### [PROMPT]
Your answer should be the lines from the one with "Berloque De Prata" to the end of the data below, both included, exact and free of pictures.

### [DATA SHOWN]
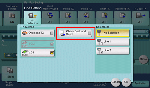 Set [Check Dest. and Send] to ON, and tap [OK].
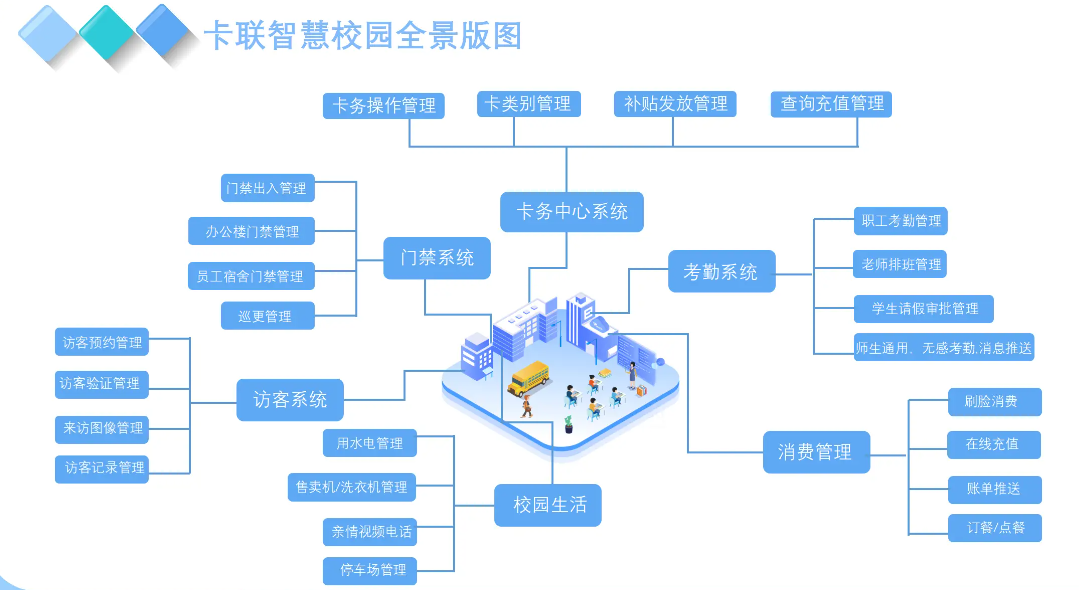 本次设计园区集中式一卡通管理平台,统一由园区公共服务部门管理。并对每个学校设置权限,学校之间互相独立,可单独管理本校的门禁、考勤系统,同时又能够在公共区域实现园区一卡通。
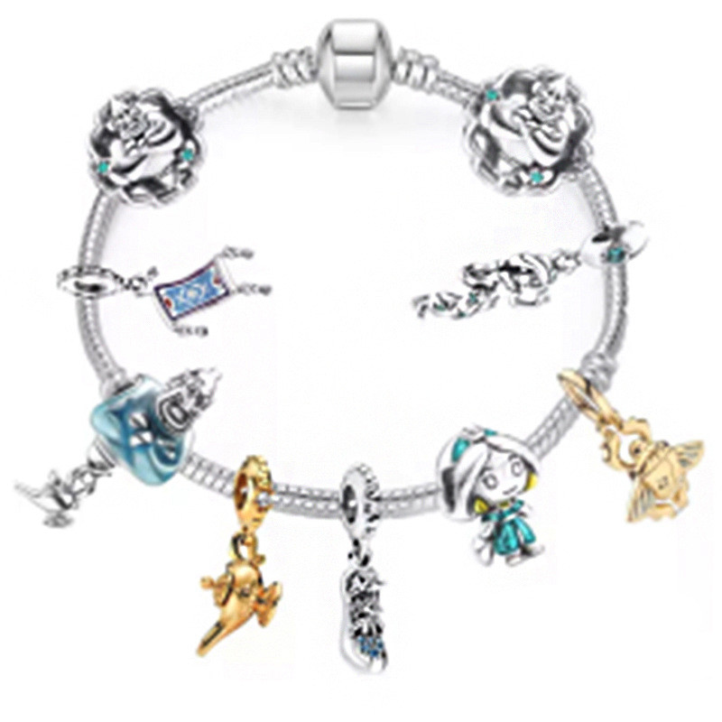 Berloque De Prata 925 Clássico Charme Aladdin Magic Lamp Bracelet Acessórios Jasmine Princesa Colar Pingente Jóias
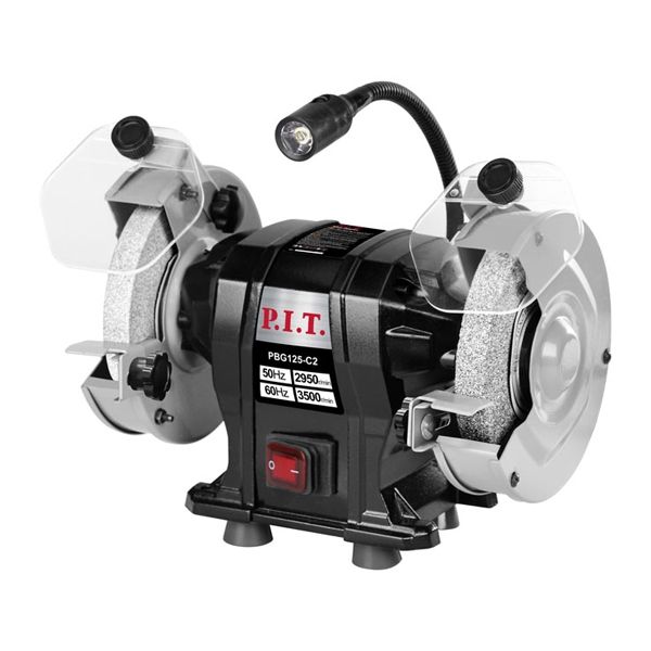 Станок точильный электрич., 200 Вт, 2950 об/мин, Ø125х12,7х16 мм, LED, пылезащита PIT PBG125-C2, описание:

### [RESULT]
 Berloque De Prata 925 Clássico Charme Aladdin Magic Lamp Bracelet Acessórios Jasmine Princesa Colar Pingente Jóias
 Станок точильный электрич., 200 Вт, 2950 об/мин, Ø125х12,7х16 мм, LED, пылезащита PIT PBG125-C2, описание:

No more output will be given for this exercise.